Your task - In the entries below, find the line with "good condition $140." and the line with "Annoncez votre remise"; copy them and every line between them exactly, but not the pictures.

-------------------------

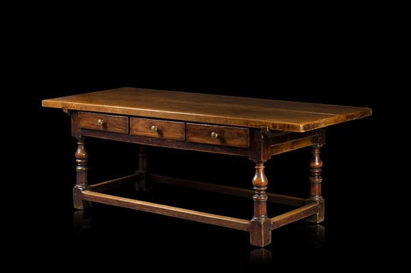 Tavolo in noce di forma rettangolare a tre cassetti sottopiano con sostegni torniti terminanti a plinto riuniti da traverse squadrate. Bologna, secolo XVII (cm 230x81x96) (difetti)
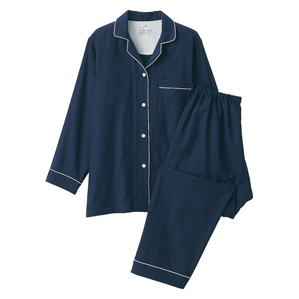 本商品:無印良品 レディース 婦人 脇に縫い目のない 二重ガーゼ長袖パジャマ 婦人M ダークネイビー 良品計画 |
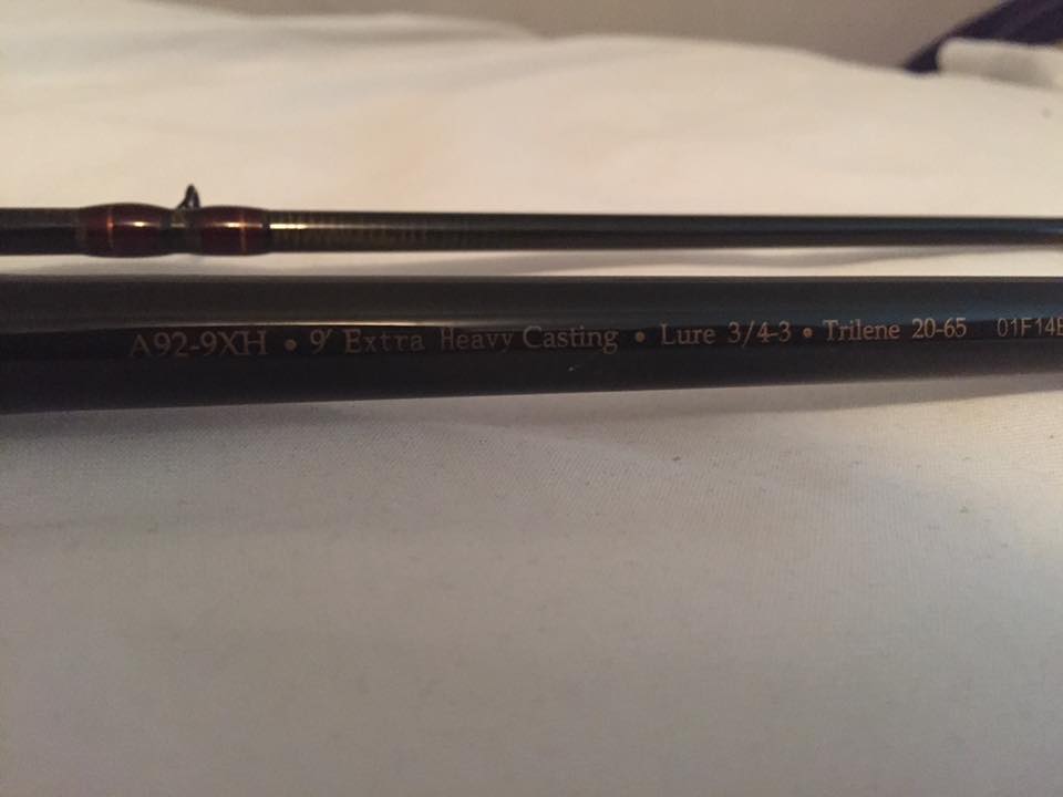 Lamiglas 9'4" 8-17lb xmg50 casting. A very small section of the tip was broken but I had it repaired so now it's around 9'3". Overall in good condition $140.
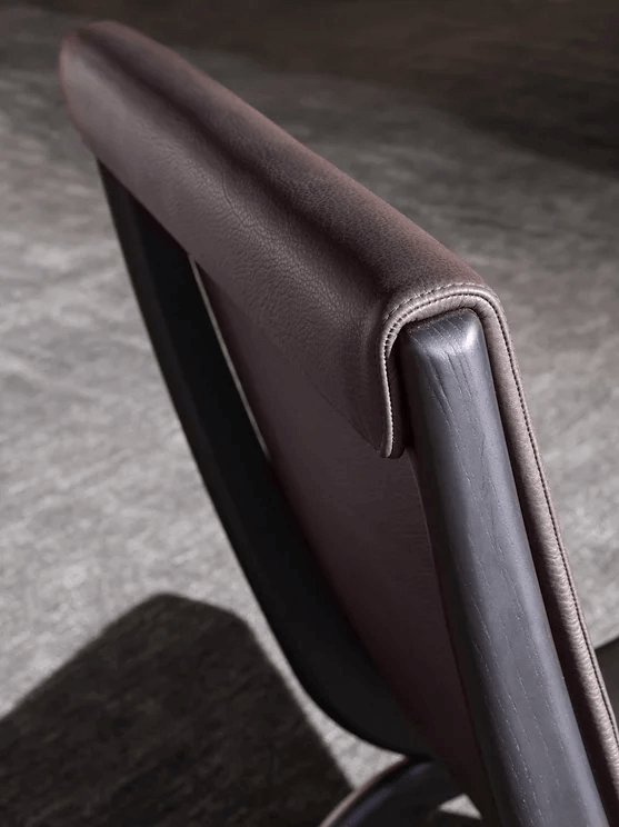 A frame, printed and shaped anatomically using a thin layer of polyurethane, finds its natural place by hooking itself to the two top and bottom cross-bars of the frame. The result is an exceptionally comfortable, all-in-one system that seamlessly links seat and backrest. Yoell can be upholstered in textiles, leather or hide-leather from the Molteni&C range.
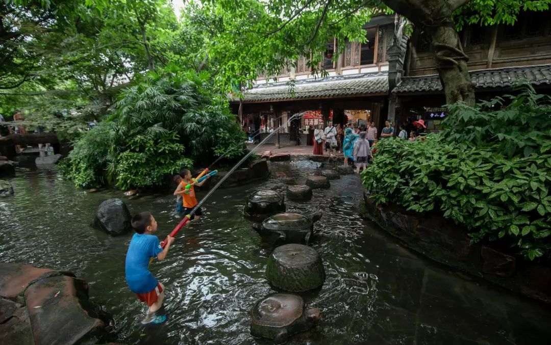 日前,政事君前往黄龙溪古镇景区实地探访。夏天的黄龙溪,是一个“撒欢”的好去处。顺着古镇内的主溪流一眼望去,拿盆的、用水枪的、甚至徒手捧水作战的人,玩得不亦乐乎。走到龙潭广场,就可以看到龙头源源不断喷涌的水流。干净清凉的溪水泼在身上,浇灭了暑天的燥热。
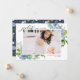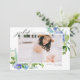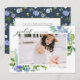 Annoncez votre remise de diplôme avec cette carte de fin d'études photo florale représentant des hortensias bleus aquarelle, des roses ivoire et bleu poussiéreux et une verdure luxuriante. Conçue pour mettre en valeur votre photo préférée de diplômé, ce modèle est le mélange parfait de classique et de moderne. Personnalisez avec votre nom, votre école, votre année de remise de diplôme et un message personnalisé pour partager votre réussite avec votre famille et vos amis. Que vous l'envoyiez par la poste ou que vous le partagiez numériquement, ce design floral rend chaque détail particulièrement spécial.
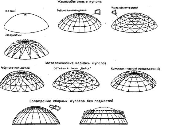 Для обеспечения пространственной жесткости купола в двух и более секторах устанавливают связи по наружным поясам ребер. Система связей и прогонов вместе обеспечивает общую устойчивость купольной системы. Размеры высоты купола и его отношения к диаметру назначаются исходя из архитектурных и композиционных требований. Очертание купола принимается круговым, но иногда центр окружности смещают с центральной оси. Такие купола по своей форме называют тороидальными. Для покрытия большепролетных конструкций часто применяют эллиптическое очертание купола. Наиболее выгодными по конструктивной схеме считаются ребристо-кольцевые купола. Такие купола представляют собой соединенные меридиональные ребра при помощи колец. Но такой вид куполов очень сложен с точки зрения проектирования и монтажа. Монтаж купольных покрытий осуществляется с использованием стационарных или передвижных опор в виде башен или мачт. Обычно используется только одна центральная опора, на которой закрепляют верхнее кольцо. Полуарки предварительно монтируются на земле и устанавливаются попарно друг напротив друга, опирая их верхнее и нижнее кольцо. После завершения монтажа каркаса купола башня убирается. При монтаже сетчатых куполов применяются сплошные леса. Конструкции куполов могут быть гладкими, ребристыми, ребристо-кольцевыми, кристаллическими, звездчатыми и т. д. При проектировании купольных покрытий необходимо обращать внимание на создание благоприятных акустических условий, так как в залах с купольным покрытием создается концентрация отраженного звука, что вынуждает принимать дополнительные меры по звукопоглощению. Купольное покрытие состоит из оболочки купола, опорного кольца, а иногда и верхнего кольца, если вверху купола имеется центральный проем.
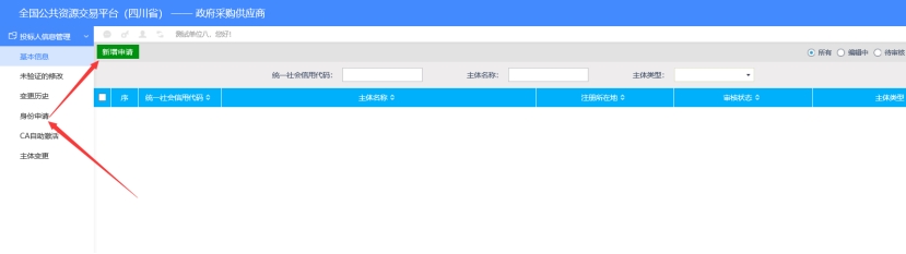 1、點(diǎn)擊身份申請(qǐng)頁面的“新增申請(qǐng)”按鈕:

-------------------------

Response below -
 Lamiglas 9'4" 8-17lb xmg50 casting. A very small section of the tip was broken but I had it repaired so now it's around 9'3". Overall in good condition $140.
 A frame, printed and shaped anatomically using a thin layer of polyurethane, finds its natural place by hooking itself to the two top and bottom cross-bars of the frame. The result is an exceptionally comfortable, all-in-one system that seamlessly links seat and backrest. Yoell can be upholstered in textiles, leather or hide-leather from the Molteni&C range.
 日前,政事君前往黄龙溪古镇景区实地探访。夏天的黄龙溪,是一个“撒欢”的好去处。顺着古镇内的主溪流一眼望去,拿盆的、用水枪的、甚至徒手捧水作战的人,玩得不亦乐乎。走到龙潭广场,就可以看到龙头源源不断喷涌的水流。干净清凉的溪水泼在身上,浇灭了暑天的燥热。
 Annoncez votre remise de diplôme avec cette carte de fin d'études photo florale représentant des hortensias bleus aquarelle, des roses ivoire et bleu poussiéreux et une verdure luxuriante. Conçue pour mettre en valeur votre photo préférée de diplômé, ce modèle est le mélange parfait de classique et de moderne. Personnalisez avec votre nom, votre école, votre année de remise de diplôme et un message personnalisé pour partager votre réussite avec votre famille et vos amis. Que vous l'envoyiez par la poste ou que vous le partagiez numériquement, ce design floral rend chaque détail particulièrement spécial.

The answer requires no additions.